Civilians at risk from Turkish military offensive in Syria: Amnesty International
ERBIL (Kurdistan 24) – Amnesty International has warned that civilians are at serious risk from a cross-border attack against US-backed Kurdish forces in northern Syria that began on Wednesday.
“It is imperative that all parties to this conflict respect international humanitarian law, including by refraining from carrying out attacks on civilians and civilian objects, as well as indiscriminate and disproportionate attacks,” read a statement by the international human rights watchdog.
“As in other parts of Syria, scores of civilians in northeast Syria have already suffered from the impact of successive military offensives, multiple displacements and dire living conditions,” it continued, referencing the 2018 takeover of the Kurdish-majority city of Afrin.

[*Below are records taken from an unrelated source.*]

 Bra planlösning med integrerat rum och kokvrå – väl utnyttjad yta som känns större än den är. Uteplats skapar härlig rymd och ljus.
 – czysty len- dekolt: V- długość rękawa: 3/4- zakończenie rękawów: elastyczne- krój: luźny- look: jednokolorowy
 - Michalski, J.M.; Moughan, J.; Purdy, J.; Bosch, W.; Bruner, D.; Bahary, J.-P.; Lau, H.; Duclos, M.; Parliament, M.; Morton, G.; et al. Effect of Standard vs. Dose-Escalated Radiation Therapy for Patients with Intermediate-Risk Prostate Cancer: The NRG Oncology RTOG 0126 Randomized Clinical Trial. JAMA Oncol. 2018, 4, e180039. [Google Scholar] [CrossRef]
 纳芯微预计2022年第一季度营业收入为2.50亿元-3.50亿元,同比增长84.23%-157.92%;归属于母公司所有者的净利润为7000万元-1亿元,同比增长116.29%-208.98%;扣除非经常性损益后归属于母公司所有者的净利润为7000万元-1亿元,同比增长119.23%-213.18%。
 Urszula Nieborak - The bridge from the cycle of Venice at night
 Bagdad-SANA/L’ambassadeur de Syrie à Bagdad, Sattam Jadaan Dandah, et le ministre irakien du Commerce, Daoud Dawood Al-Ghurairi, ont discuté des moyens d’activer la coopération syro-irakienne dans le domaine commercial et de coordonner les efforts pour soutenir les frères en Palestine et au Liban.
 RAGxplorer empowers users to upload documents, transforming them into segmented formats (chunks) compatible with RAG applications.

A previous report by Amnesty about Turkish forces occupying Afrin presented evidence that Ankara had given allied Syrian armed groups free rein to commit serious human rights abuses against civilians.

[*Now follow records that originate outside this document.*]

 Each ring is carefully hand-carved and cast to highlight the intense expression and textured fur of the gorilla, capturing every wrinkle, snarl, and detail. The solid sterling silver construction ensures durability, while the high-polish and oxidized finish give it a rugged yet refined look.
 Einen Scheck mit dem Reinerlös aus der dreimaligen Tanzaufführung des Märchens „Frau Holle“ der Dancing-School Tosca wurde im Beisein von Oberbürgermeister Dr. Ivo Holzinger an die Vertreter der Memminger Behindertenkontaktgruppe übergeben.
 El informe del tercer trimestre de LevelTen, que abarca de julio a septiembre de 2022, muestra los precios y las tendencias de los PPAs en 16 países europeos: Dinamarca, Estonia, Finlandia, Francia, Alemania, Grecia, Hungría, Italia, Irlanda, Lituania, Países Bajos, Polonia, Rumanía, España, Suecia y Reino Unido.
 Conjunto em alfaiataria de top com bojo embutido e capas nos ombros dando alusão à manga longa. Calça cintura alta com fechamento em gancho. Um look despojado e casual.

“Research released today reveals that residents in Afrin are enduring a wide range of violations, mostly at the hands of Syrian armed groups that have been equipped and armed by Turkey,” Amnesty said in August 2018.

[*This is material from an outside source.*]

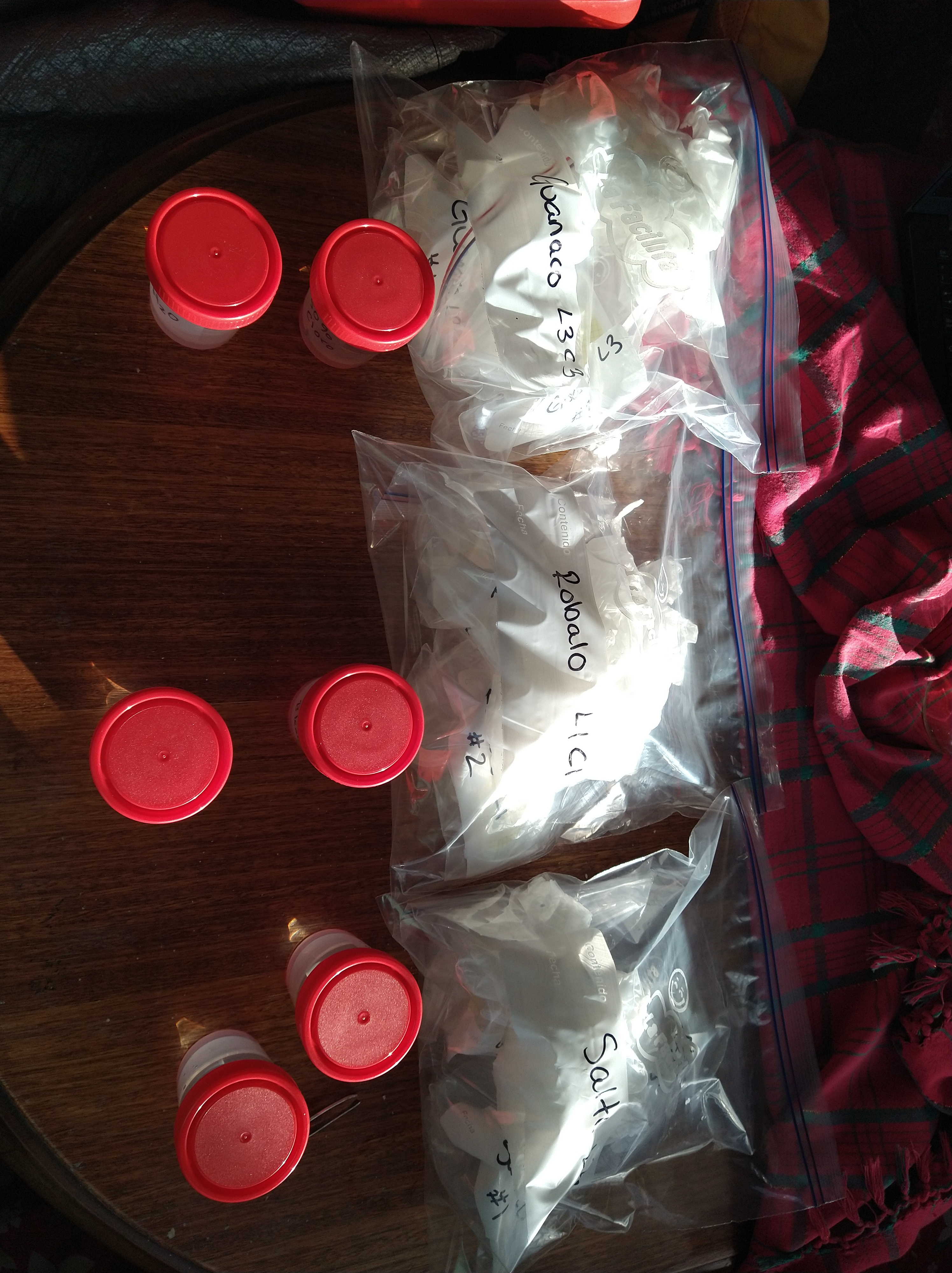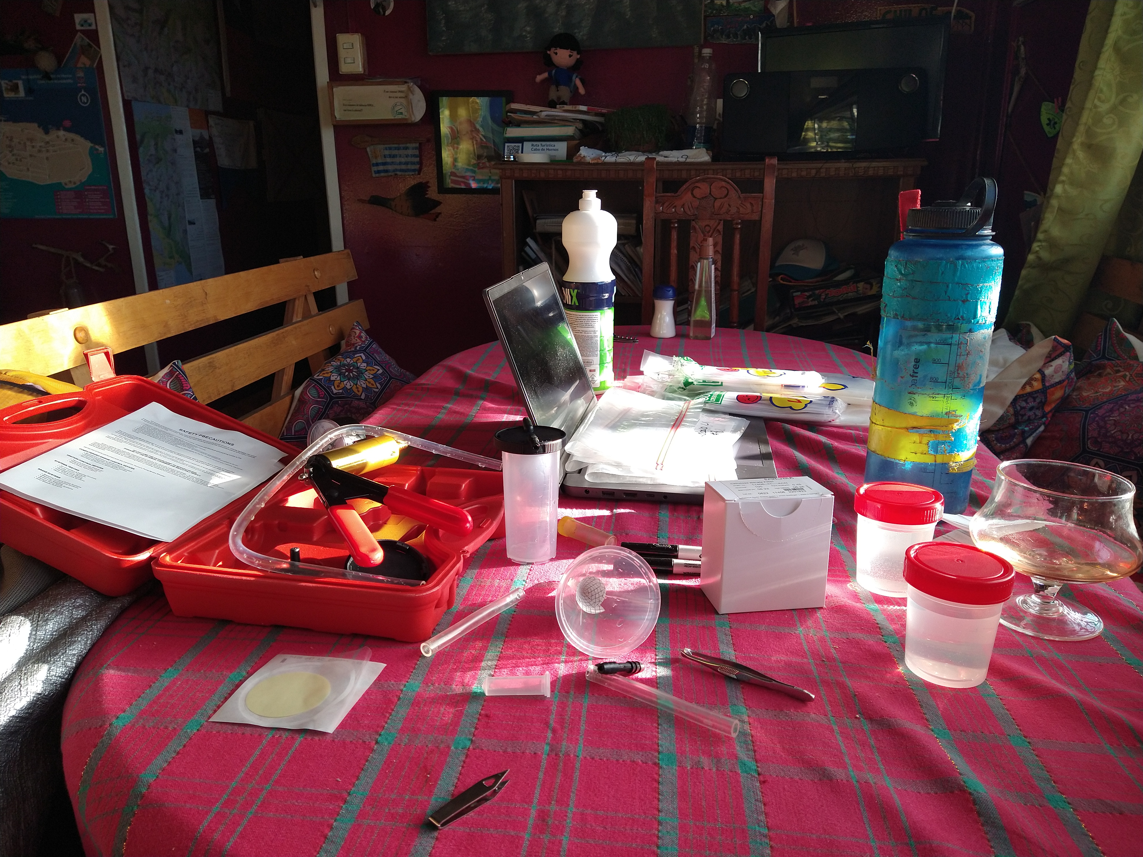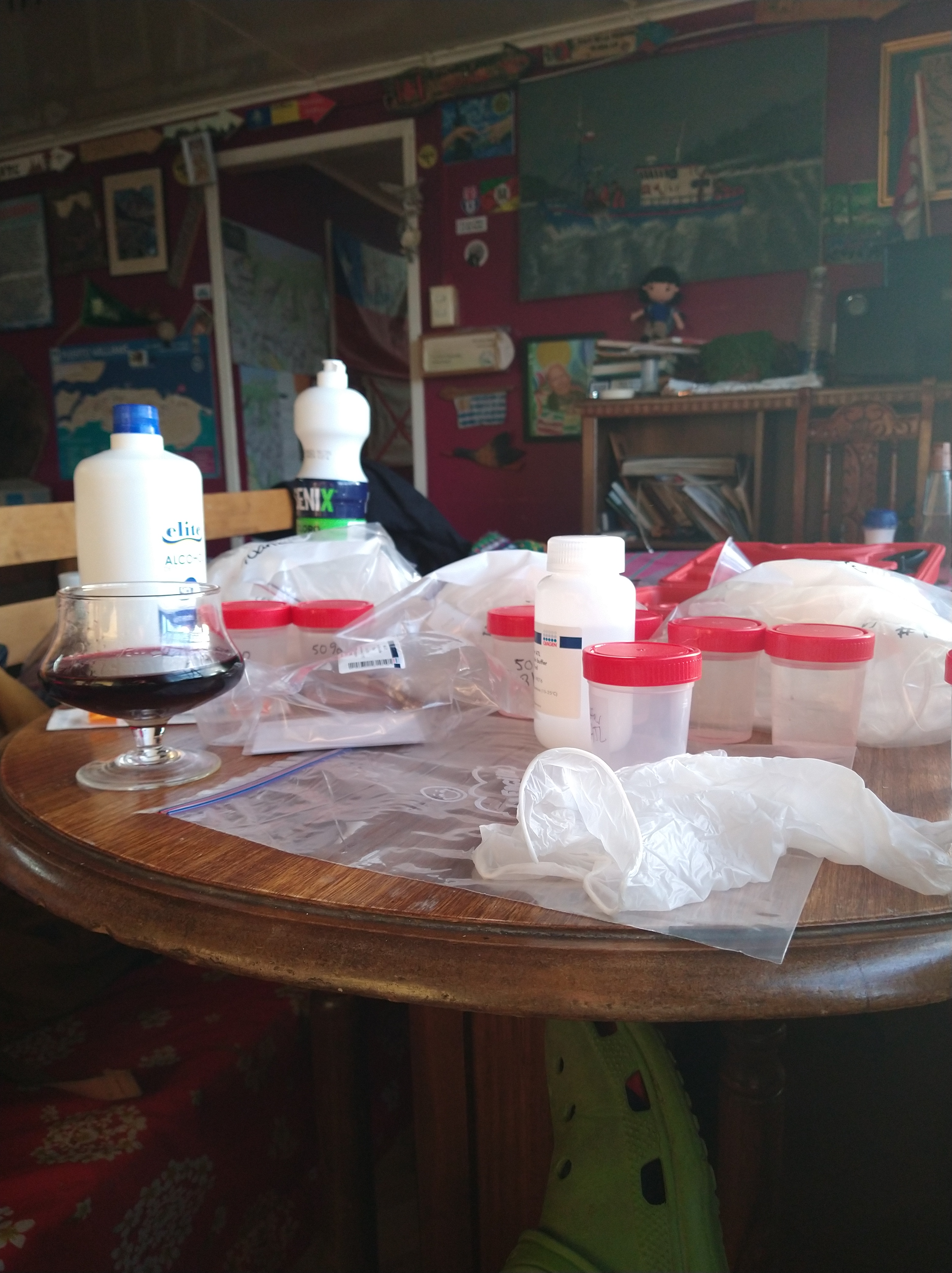 The trip with Navy to the other islands of the Cape Horn was quickly approaching, but we still had some time (and pressure) to start retrieving the cameras we had placed and collect water samples. We fine tuned our water pumping device and set up sampling kits on the kitchen table of the hostel. We would pump 3 liters of water (1 L per replicate, 3 replicates per site) at each lake or river site. The filters are made of cellulose nitrate and have 0.45 um pores for the water to pass through, but for cells to be collected. The fancy funnel filters cost more than the amount that the university could budget for this study so, like the pump, creativity was necessary. I could order sterile funnels and the filter papers separately for quite cheap. With the proper folding, the filters could be placed within the funnels and the funnels could be attached to the silicon hose that ran to the air tight water bottle, then to the brake pump. It worked beautifully, besides the fact that the filter paper was much more brittle than I assumed and usually broke into four triangular pieces that I would then fit into the funnel. After the liter of water was passed through the filter, the paper would be carefully folded with sterile tweezers and placed into a prepared tube (also done on the kitchen table) with a lysis buffer that preserves the DNA. When this buffer is cold, it forms a precipitate, so before adding 1 ml of buffer into each tube, it had to be heated to about 56C. A kitchen pot with some luke warm water sufficed. If there’s a will, there’s a way.

A UN report in September 2018 also concluded that the Turkish air force had failed to take necessary precautions prior to launching attacks in Afrin, leading to the death of civilians.
Wednesday's Amnesty statement continued, “Turkey has an obligation under international humanitarian law to take all possible measures to protect civilians and to ensure they have access to humanitarian aid. Civilians wishing to flee the fighting must be given safe passage to do so.”
“The international community must take measures to ensure respect for international humanitarian law by the Turkish authorities and pro-Turkey armed groups and Kurdish forces if yet another humanitarian catastrophe in northern Syria is to be avoided.”
A White House statement made late on Sunday explained that American forces would withdraw from areas in northern Syria where Turkey has said it would launch a long-threatened military operation targeting US-backed Kurdish forces. The move drew stern bipartisan criticism of President Donald Trump.
On Wednesday afternoon, Turkish warplanes and artillery began shelling Syria's predominantly Kurdish northeastern town of Serekaniye.
A source in Serekaniye told Kurdistan 24 that four warplanes were hovering over the town and that heavy artillery had been fired and Turkish warplanes had bombarded surrounding areas as well as Ain Issa, north of Raqqa, and the town of Tal Abyad. Local media said that Turkish artillery had struck silos in the eastern outskirts of Qamishli.
Waves of people have started to leave their homes to flee the Turkish shelling, including some that have fled to the Kurdistan Region.
The United Nations Security Council is set to meet on Thursday in response to the attack, international diplomats announced later in the day.
According to Amelie de Montchalin, the French Minister of European Affairs, Britain, France, and Germany called for the meeting shortly after the launch of the operation on Wednesday evening.